Wales ‘behind’ in technology to detect prostate cancer

A man holds his head in his handsImage copyright Getty Images
Image caption Around 32,000 new cases of prostate cancer are diagnosed annually in the UK

A father-of-four who survived prostate cancer has said he is “fortunate” to be alive after an MRI scan spotted the disease before it developed.

Sion Brynach, from Cardiff, is now calling for more men to get access to a pre-biopsy scan to give them more of a chance at life.

It comes as a new report shows Wales is lagging behind in access to mpMRI scans – which can detect the disease better.

The Welsh Government said the use of mpMRI was under review.

The Multiparametic MRI (mpMRI) scan, which is done before a biopsy, is able to boost detection of prostate cancer.

In England, an NHS trial is under way to cut prostate cancer diagnosis times from six weeks to a matter of days using the scan.

But in Wales only three out of seven Welsh health boards provide the scan, as it is not currently recommended by the National Institute of Clinical Excellence (NICE).

It is available in Cardiff and Vale, Aneurin Bevan and Cwm Taf health boards, but not in north Wales.

According to a report by charity Prostate Cancer UK, detection in Wales is lagging behind when compared to that in England where 92% of areas provide mpMRI before biopsy, 60% of which provide the scan to a high standard.

Image copyright HUW JOHN
Image caption Siôn Brynach was diagnosed with prostate cancer when he was 49 after it was detected on an MRI scan

‘It’s a very striking experience’

Last November Mr Brynach was sat in his office when he got a call telling him he had a tumour.

He was 49-years-old.

Luckily his prostate cancer was diagnosed before it had developed to a stage where it could not be treated – after he had an MRI scan despite a blood test showing that things were normal.

He now wants to see all men to have the chance to access the latest technology to detect the cancer sooner, saying the PSA test, which involves taking a patients blood to measure the amount of prostate-specific antigen, was “unreliable”.

“You always want there to be a universal access to these sorts of scans,” he said.

“I had my MRI scan before my biopsy, which was fortunate.

“The more it is available to everyone, the better.

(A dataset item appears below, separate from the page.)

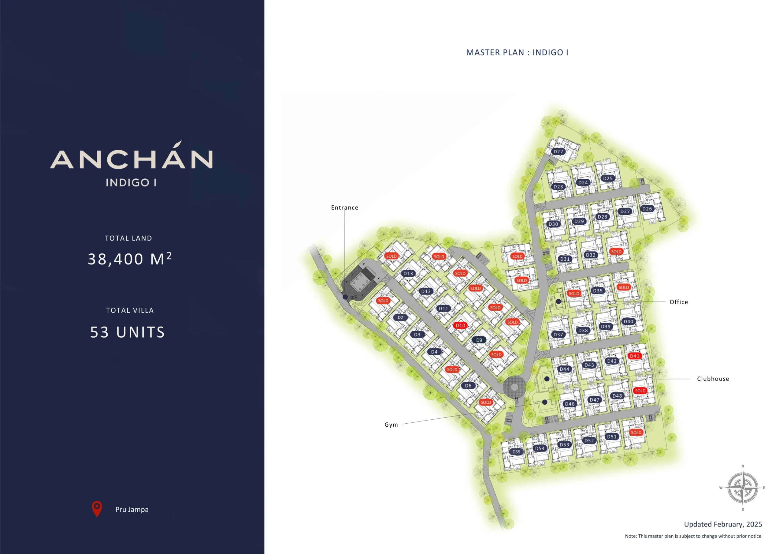 Master plan showing Indigo II villas with sold labels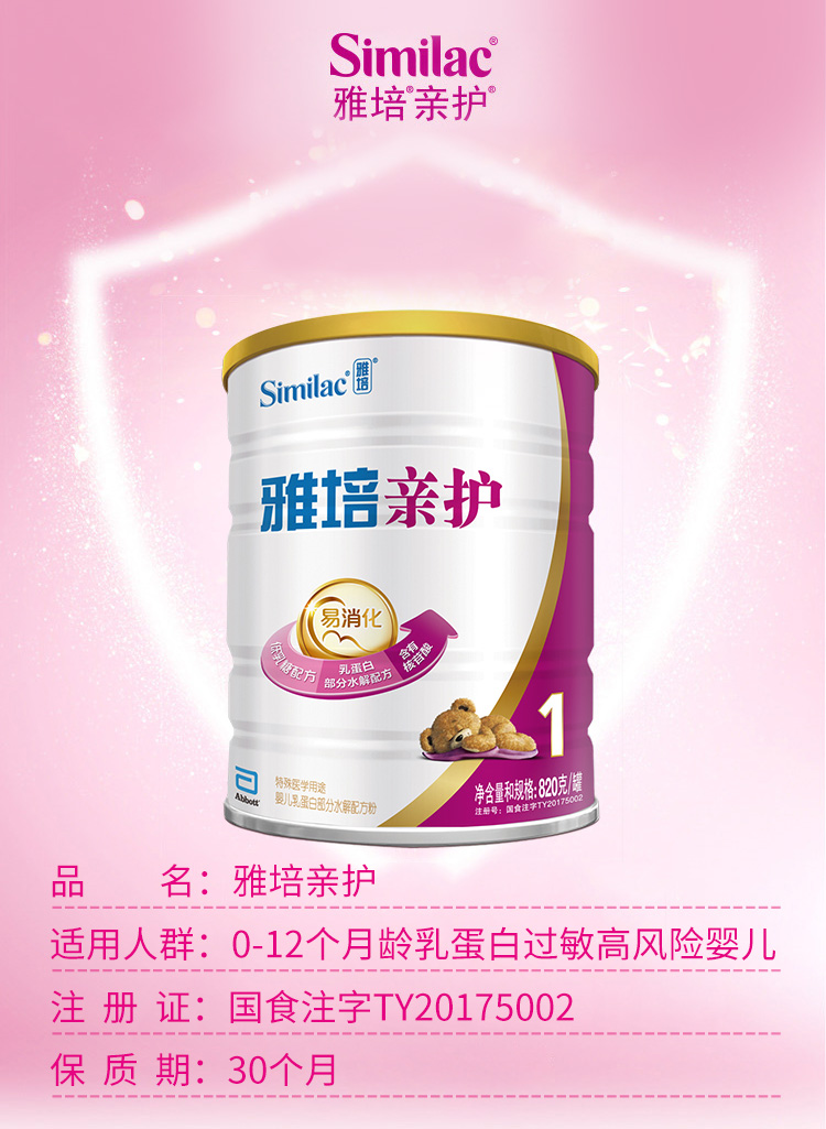 雅培亲护乳蛋白部分水解婴儿配方粉 1段820克(西班牙原装进口新老包装随发货)

Technology moves on so quickly – things are different in just six months – so you want people to have access to the latest technology when it comes to their health.”

Charity Prostate Cancer UK said the “inequality in access cannot be allowed to continue.”

The Welsh Government said while NICE do not currently recommend a pre-biopsy MRI scan, this was under review and if the position changed health boards would be expected to provide it.

A spokesman added: “Health boards are already considering the potential impact of the revised guideline through the Wales Urology Board.”

Image copyright Prostate Cancer UK
Image caption Raymond Starr was unable to access the scan for free

Raymond Starr, 63, from Colwyn Bay, in Conwy county, paid nearly £900 to have the mpMRI scan after being unable to get it at an NHS hospital in north Wales.

“It came as a shock that I had to pay but I didn’t hesitate,” he said.

“When the pictures came back, it was clear that there was a tumour.”

Just 14 weeks ago, he went to Liverpool and had keyhole surgery to remove the tumour.

“We’re not greedy,” he added, “We can’t expect this scanner to be in every hospital in north Wales – cost wise you can’t do it – but at the very least, we should have it in the middle.

“I would have gone in a normal MRI scanner if I hadn’t paid and they wouldn’t have got a picture as accurate as they needed.

“The longer you leave it, the worse the result could be.”